Even then, when I was still, hmmm, much younger, observing people was already my favorite spectator sport.

On our way home, we passed by the lobby again, and the cabinet members were still there, waiting, along with some Cagayan de Oro city officials headed by then-mayor Dongkoy Emano. I wanted to have photo ops with these political bigwigs, and my bro, nephew and niece were like, Whaaaaat?! For one, my nephew and niece had no idea who these bigwigs were.

Right after the photo ops with Emano and some cabinet members, including Lorenzo, GMA finally arrived, and there I was again, asking my family for more photo ops, because this time, it’s no less than GMA! I asked then-cabinet member Mike Defensor if we could have some photos with the president, and he said, yes, but we had to hurry because she was about to leave for some other place. So, we kind of ran to the main entrance. Defensor took my camera, we said our hellos to the president, and posed with the black armored car assigned to her as our background. Defensor then handed my camera to NFA Administrator Arthur Yap. GMA had her arms on the shoulders of my nephew and niece who were both standing right beside her, and before Yap could take our photo, my niece turned her head so that her face was now facing the president, and that’s when she asked me, Tita, where’s GMA? Oops!

Many things have happened since then, one of which was the fertilizer fund scam in 2004 that was blamed on then-agriculture undersecretary Jocjoc Bolante. That supposedly drove him and Lorenzo to leave the country, purportedly to avoid the Senate inquiry. Yes, the question hovering overhead was, Where are they?

The fertilizer fund scam continues to keep on going despite acquittals by the Sandiganbayan in December 2016. It has reached the status of, Abangan ang susunod na kabanata.

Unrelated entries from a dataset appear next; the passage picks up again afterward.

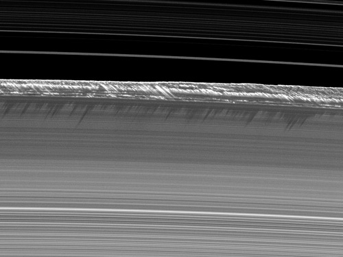 imagen de la compleja perturbación por la sonda Cassini,  24 diciembre 2010, orbitando a 1.8 mill de km.
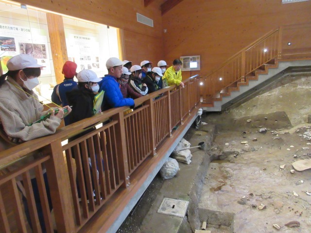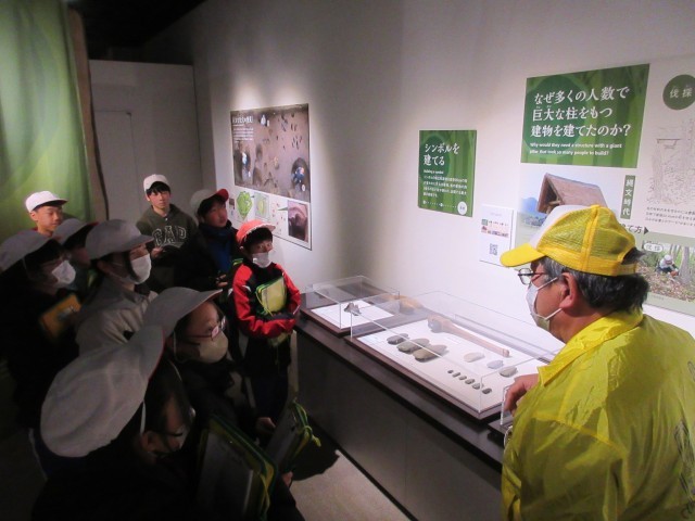 施設の方の説明をお聞きしながら、発掘された土器や土偶、復元された建物などを見学しました。
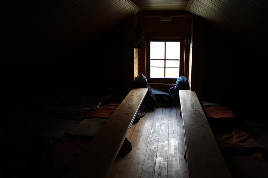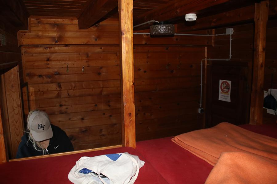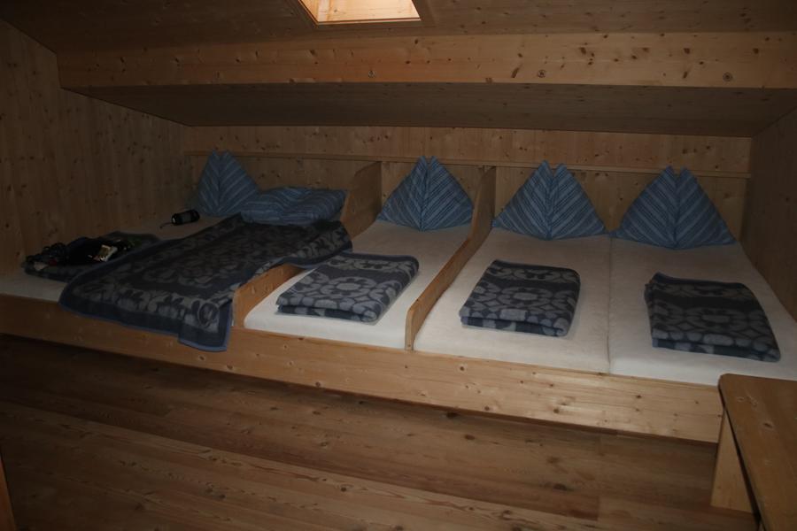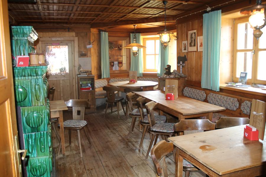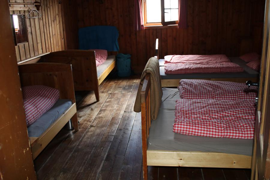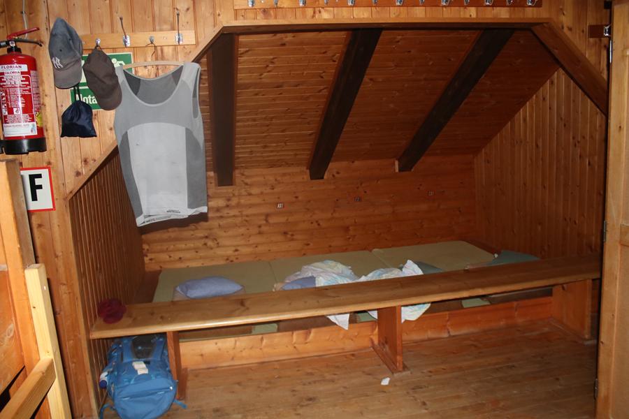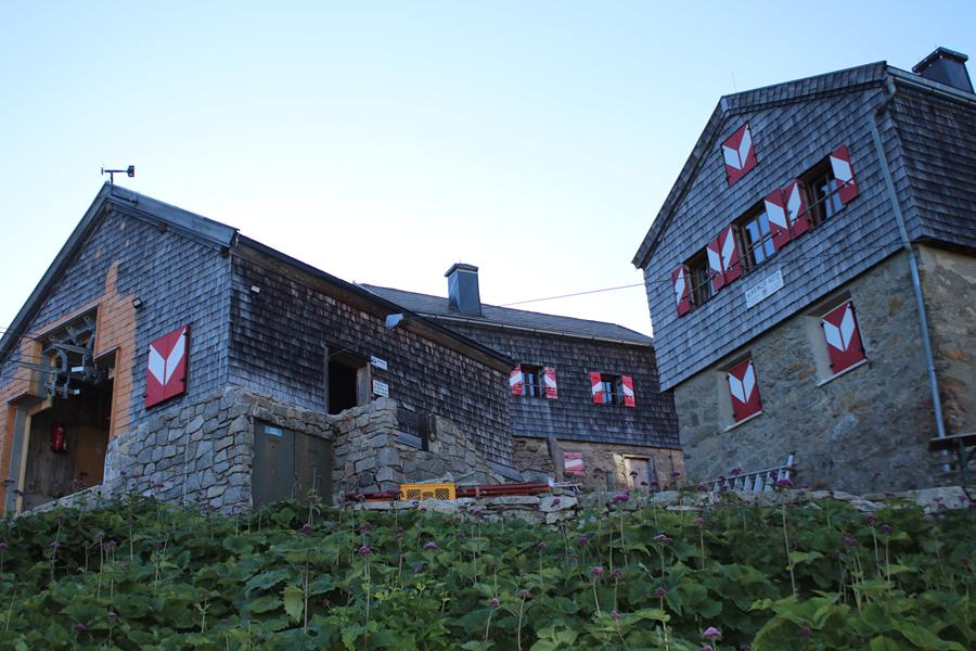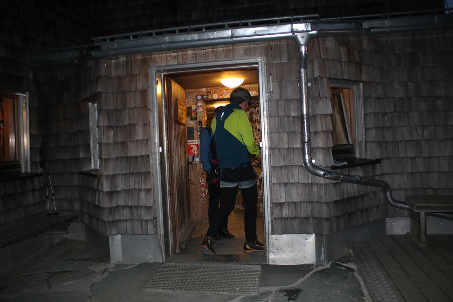 Die Technik im Gebäude steht auf einem Metallraum, die12 KW Turbine erzeugt die Energie das Summen des neuen Generators ist relativ ruhig. 2 Wasserschläuche mir verschiedenen Durchmesser führen zur Hütte. Folge diesen, später erfahre ich durch meine Neugier das der Brunnen ausgetrocknet ist, die Schläuche dienen der Notversorgung geschätzte 200 Meter. Ein echtes Provisorium, an etliche Stellen spritzt Wasser aus den Verbindungen, 14 Stunden Arbeit am gestrigen Tag die Zweckmäßigkeit ist erfüllt. Vor der Hütte treffe ich auf Humprey der dem Weg gefolgt ist. Ruhig ist es auf der Altehrwürdigen Hütte 2200 m, so zumindest der erste Eindruck. Schier unglaublich, die Hütte bietet 44 Betten und 45 Lager. Ein Schlauchboot lehnt an der Fassade, im Erdgeschoss sind die Natursteine Sichtbar, nach Oben sind es die Typischen Schindeln al Verkleidung. Verteilt auf dem Süd und Westseite des Gebäudes stehen Moderne Garnituren und Massive Bänke und Tische, der Eingang über Stufen erreichbar auf der Westseite. Viel Grün um das Haus Erstellt 1928/29. Das Ehepaar sitzt am Tisch nahe dem Eingang bei einem Stiegl Bier, begrüßen Sie Freundlich. Sie unterhalten sich mit Sebastian der wohl sehr locker drauf ist. Einige Sprüche fallen wir halten dagegen. Er scheint das ehrlich zu meinen, jedenfalls frägt er wegen der Reservierung, die Chemie stimmt schon einmal. Toll die Einrichtung der Gaststube Geschmack und Stillvoll sowie Rustikal. 21 Anmeldungen sind es heute. Als er meinen Namen hört verbindet er das mit Christian, ja das war eine unglückliche Geschichte. Vor dem Schuhraum erzählen wir die Geschehnisse um diesen Black Monday. Er berichtet das im letzten Jahr an der Ein Ausstiegstelle eine schwere Bergung stattgefunden hatte, mehrere Organisationen sogar mit Sonar waren im Einsatz, da ein Bergsteiger 16 m in die Kluft stürzte. Erhalten die Nächtigungsmarke Nr. 201 Lager 25+1 Sie verzichten auf eine Geld Forderung gegenüber Christian. Nette Geste. Das Treppenhaus knarrt bei jedem Schritt, alles ist hier auf kleinsten Raum gehalten. Der Vergleich zur Greiner Hütte ist passend. Das Lager befindet sich im oberen Stock die 2 Türe links, auf der rechten Seite. Unterteilt in 3 Abteile mit je 5 Schlafplätze, an der Außenwand mit Fenster Südseite. Hinter einer Wand befinden sich weitere 15 Schlafplätze Ein Stock tiefer die Sanitärräume hole mir dort Trinkwasser an einem Ausgussbecken, gegenüber einem kleinen Raum mit WC.
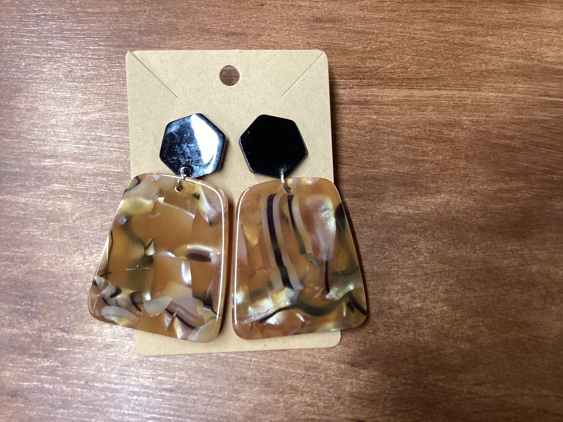 Black octagon w/brown pearl earrings
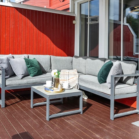 Selger denne sofaen og bordet, det er kun brukt 1 sommer. Putene har ligget tørt hele vinteren, pent brukt. Selges på jysk nå til 19.999 kr
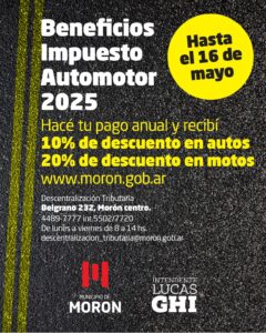 El Municipio de Morón @munidemoron habilitó la opción de pago anticipado del Impuesto Automotor 2025, con importantes beneficios para quienes opten por esta modalidad. Las vecinas y vecinos que realicen el pago anual antes del 16 de mayo obtendrán un 10% de descuento en el caso de automóviles y un 20% en motocicletas.
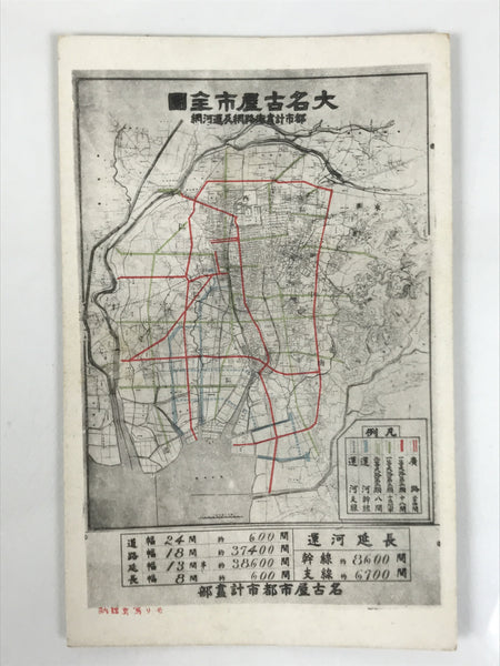 This is an antique Japanese souvenir postcard in color featuring a map of Nagoya's road and canal network system at the time. The map features a legend and some extra info at the bottom.
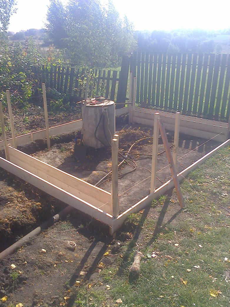 опалубка залита и фундамент под печь тоже. Ложим гидроизоляцию, покурили и погнали ложить печь.
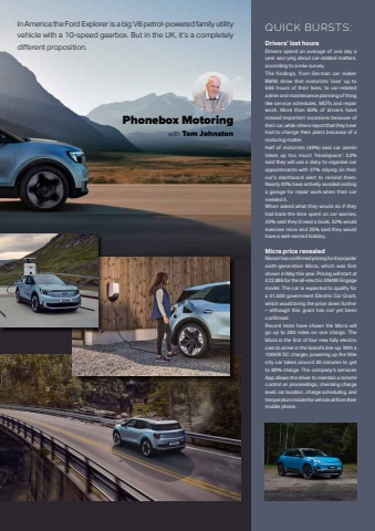 September 2025 | Phonebox Magazine 49QUICK BURSTS:Drivers%u2019 lost hoursDrivers spend an average of one day a year worrying about car-related matters, according to a new survey.The findings, from German car maker BMW, show that motorists %u2018lose%u2019 up to 565 hours of their lives, to car-related admin and maintenance planning of thing like service schedules, MOTs and repair work. More than 60% of drivers have missed important occasions because of their car, while others report that they have had to change their plans because of a motoring matter.Half of motorists (49%) said car admin takes up too much %u2018headspace%u2019: 52% said they will use a diary to organise car appointments with 37% relying on their car%u2019s dashboard alert to remind them. Nearly 40% have actively avoided visiting a garage for repair work when their car needed it.When asked what they would do if they had back the time spent on car worries, 33% said they%u2019d read a book, 32% would exercise more and 25% said they would have a well-earned holiday.Micra price revealedNissan has confi rmed pricing for its popular sixth-generation Micra, which was first shown in May this year. Pricing will start at %u00a322,995 for the all-electric 40kWh Engage model. The car is expected to qualify for a %u00a31,500 government Electric Car Grant, which would bring the price down further %u2013 although this grant has not yet been confi rmed. Recent tests have shown the Micra will go up to 260 miles on one charge. The Micra is the fi rst of four new fully electric cars to arrive in the brand%u2019s line-up. With a 100kW DC charger, powering up the little city car takes around 30 minutes to get to 80% charge. The company%u2019s services App allows the driver to maintain a remote control on proceedings, checking charge level, car location, charge scheduling, and temperature inside the vehicle all from their mobile phone.In America the Ford Explorer is a big V6 petrol-powered family utility vehicle with a 10-speed gearbox. But in the UK, it%u2019s a completely diff erent proposition.Phonebox Motoringwith Tom Johnston

Meanwhile, Lorenzo has moved forward after a decade-long sabbatical, and now quotes “What Will Matter” by Michael Josephson:

Ready or not, some day it will all come to an end.

There will be no more sunrises, no minutes, hours or days.

All the things you collected, whether treasured or forgotten will pass to someone else.

Your wealth, fame and temporal power will shrivel to irrelevance.

It will not matter what you owned or what you were owed.

As my maternal Lola used to say, “Kalibutan pa ni.”

I was an internal auditor for the multinational firm where Lorenzo’s father and brother used to work, too. It was during those years that I realized auditing wasn’t for me. Should have decided on that earlier while I was trying to absorb cost accounting in college and terms like “work in progress” flew overhead, and tax accounting became more taxing than memorizing articles for Law. And all along I thought I loved Math. But Accounting is not Math.

The American Institute of Certified Public Accountants says that accounting is “the art of recording, classifying, and summarizing in a significant manner and in terms of money, transactions and events which are, in part at least of financial character, and interpreting the results thereof.”

In case a taxpayer questions how the Bureau of Internal Revenue computes taxes due, well, it’s an art, it’s not exact science.

A co-auditor once told me that I have an auditor’s mind. I guess she meant I’m skeptical and cynical? Hmmm. But you have to love Accounting and embrace it once you choose that as your profession otherwise stress will be your constant companion.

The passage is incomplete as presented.